SUPPLIED ENTRIES Block Start

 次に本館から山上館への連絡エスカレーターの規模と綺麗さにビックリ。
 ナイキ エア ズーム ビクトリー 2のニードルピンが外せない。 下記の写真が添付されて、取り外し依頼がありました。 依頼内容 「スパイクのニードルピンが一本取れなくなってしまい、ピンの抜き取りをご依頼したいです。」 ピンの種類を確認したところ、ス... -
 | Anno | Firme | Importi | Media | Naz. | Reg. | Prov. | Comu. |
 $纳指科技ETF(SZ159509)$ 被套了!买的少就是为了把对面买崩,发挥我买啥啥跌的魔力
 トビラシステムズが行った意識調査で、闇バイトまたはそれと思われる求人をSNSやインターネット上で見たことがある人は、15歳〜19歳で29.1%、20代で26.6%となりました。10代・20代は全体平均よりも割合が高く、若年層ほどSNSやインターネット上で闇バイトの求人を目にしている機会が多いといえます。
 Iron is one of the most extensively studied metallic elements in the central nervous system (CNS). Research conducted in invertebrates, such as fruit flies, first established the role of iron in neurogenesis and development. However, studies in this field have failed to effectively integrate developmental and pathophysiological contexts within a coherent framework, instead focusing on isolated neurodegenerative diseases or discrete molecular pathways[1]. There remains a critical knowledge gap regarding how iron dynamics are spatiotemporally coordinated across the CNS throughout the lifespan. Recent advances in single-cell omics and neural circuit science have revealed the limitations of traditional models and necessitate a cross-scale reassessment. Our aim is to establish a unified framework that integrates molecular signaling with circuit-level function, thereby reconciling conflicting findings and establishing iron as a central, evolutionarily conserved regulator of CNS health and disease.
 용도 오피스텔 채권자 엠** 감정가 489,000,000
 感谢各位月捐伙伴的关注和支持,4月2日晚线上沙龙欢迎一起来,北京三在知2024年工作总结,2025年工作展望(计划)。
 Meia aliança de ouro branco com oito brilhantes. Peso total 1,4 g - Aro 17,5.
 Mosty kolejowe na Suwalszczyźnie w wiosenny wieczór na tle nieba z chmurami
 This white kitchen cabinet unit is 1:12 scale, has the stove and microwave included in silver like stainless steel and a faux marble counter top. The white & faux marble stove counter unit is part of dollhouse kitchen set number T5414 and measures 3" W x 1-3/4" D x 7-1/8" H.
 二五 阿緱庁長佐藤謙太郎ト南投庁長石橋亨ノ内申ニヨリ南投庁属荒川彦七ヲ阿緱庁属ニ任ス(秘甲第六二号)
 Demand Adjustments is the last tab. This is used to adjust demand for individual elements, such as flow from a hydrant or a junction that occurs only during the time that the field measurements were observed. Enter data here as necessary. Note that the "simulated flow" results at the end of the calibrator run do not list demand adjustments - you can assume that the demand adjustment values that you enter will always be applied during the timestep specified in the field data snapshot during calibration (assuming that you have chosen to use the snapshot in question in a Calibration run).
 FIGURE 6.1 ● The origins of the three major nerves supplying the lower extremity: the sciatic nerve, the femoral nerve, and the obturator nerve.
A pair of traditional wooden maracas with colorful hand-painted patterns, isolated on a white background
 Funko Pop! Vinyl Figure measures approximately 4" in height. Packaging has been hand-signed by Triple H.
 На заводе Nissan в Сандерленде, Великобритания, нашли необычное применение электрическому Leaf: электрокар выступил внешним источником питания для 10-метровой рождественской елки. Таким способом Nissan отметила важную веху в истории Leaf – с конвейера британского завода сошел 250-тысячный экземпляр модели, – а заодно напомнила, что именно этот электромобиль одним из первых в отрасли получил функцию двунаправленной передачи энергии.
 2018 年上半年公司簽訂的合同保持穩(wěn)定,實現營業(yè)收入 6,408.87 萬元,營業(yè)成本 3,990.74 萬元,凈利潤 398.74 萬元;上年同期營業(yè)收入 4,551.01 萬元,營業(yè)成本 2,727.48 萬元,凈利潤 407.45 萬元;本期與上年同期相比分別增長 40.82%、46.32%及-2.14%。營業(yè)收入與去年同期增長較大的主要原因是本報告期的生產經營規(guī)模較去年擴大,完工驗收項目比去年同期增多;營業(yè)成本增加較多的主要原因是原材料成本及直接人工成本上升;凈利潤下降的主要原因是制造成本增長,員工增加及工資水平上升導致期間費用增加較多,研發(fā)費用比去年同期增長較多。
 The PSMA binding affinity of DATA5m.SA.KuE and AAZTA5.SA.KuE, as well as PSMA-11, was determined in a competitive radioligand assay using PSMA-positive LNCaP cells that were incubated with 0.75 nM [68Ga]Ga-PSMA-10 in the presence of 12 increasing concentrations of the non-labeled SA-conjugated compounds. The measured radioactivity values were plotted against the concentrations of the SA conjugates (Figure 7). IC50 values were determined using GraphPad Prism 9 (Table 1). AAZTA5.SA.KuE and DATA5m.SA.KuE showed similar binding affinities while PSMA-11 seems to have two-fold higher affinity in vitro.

SUPPLIED ENTRIES Block End

WORK TO BE COMPLETED:
With no line skipped, copy the entries exactly as written.

RESULT FOR THIS TASK:
 次に本館から山上館への連絡エスカレーターの規模と綺麗さにビックリ。
 ナイキ エア ズーム ビクトリー 2のニードルピンが外せない。 下記の写真が添付されて、取り外し依頼がありました。 依頼内容 「スパイクのニードルピンが一本取れなくなってしまい、ピンの抜き取りをご依頼したいです。」 ピンの種類を確認したところ、ス... -
 | Anno | Firme | Importi | Media | Naz. | Reg. | Prov. | Comu. |
 $纳指科技ETF(SZ159509)$ 被套了!买的少就是为了把对面买崩,发挥我买啥啥跌的魔力
 トビラシステムズが行った意識調査で、闇バイトまたはそれと思われる求人をSNSやインターネット上で見たことがある人は、15歳〜19歳で29.1%、20代で26.6%となりました。10代・20代は全体平均よりも割合が高く、若年層ほどSNSやインターネット上で闇バイトの求人を目にしている機会が多いといえます。
 Iron is one of the most extensively studied metallic elements in the central nervous system (CNS). Research conducted in invertebrates, such as fruit flies, first established the role of iron in neurogenesis and development. However, studies in this field have failed to effectively integrate developmental and pathophysiological contexts within a coherent framework, instead focusing on isolated neurodegenerative diseases or discrete molecular pathways[1]. There remains a critical knowledge gap regarding how iron dynamics are spatiotemporally coordinated across the CNS throughout the lifespan. Recent advances in single-cell omics and neural circuit science have revealed the limitations of traditional models and necessitate a cross-scale reassessment. Our aim is to establish a unified framework that integrates molecular signaling with circuit-level function, thereby reconciling conflicting findings and establishing iron as a central, evolutionarily conserved regulator of CNS health and disease.
 용도 오피스텔 채권자 엠** 감정가 489,000,000
 感谢各位月捐伙伴的关注和支持,4月2日晚线上沙龙欢迎一起来,北京三在知2024年工作总结,2025年工作展望(计划)。
 Meia aliança de ouro branco com oito brilhantes. Peso total 1,4 g - Aro 17,5.
 Mosty kolejowe na Suwalszczyźnie w wiosenny wieczór na tle nieba z chmurami
 This white kitchen cabinet unit is 1:12 scale, has the stove and microwave included in silver like stainless steel and a faux marble counter top. The white & faux marble stove counter unit is part of dollhouse kitchen set number T5414 and measures 3" W x 1-3/4" D x 7-1/8" H.
 二五 阿緱庁長佐藤謙太郎ト南投庁長石橋亨ノ内申ニヨリ南投庁属荒川彦七ヲ阿緱庁属ニ任ス(秘甲第六二号)
 Demand Adjustments is the last tab. This is used to adjust demand for individual elements, such as flow from a hydrant or a junction that occurs only during the time that the field measurements were observed. Enter data here as necessary. Note that the "simulated flow" results at the end of the calibrator run do not list demand adjustments - you can assume that the demand adjustment values that you enter will always be applied during the timestep specified in the field data snapshot during calibration (assuming that you have chosen to use the snapshot in question in a Calibration run).
 FIGURE 6.1 ● The origins of the three major nerves supplying the lower extremity: the sciatic nerve, the femoral nerve, and the obturator nerve.
A pair of traditional wooden maracas with colorful hand-painted patterns, isolated on a white background
 Funko Pop! Vinyl Figure measures approximately 4" in height. Packaging has been hand-signed by Triple H.
 На заводе Nissan в Сандерленде, Великобритания, нашли необычное применение электрическому Leaf: электрокар выступил внешним источником питания для 10-метровой рождественской елки. Таким способом Nissan отметила важную веху в истории Leaf – с конвейера британского завода сошел 250-тысячный экземпляр модели, – а заодно напомнила, что именно этот электромобиль одним из первых в отрасли получил функцию двунаправленной передачи энергии.
 2018 年上半年公司簽訂的合同保持穩(wěn)定,實現營業(yè)收入 6,408.87 萬元,營業(yè)成本 3,990.74 萬元,凈利潤 398.74 萬元;上年同期營業(yè)收入 4,551.01 萬元,營業(yè)成本 2,727.48 萬元,凈利潤 407.45 萬元;本期與上年同期相比分別增長 40.82%、46.32%及-2.14%。營業(yè)收入與去年同期增長較大的主要原因是本報告期的生產經營規(guī)模較去年擴大,完工驗收項目比去年同期增多;營業(yè)成本增加較多的主要原因是原材料成本及直接人工成本上升;凈利潤下降的主要原因是制造成本增長,員工增加及工資水平上升導致期間費用增加較多,研發(fā)費用比去年同期增長較多。
 The PSMA binding affinity of DATA5m.SA.KuE and AAZTA5.SA.KuE, as well as PSMA-11, was determined in a competitive radioligand assay using PSMA-positive LNCaP cells that were incubated with 0.75 nM [68Ga]Ga-PSMA-10 in the presence of 12 increasing concentrations of the non-labeled SA-conjugated compounds. The measured radioactivity values were plotted against the concentrations of the SA conjugates (Figure 7). IC50 values were determined using GraphPad Prism 9 (Table 1). AAZTA5.SA.KuE and DATA5m.SA.KuE showed similar binding affinities while PSMA-11 seems to have two-fold higher affinity in vitro.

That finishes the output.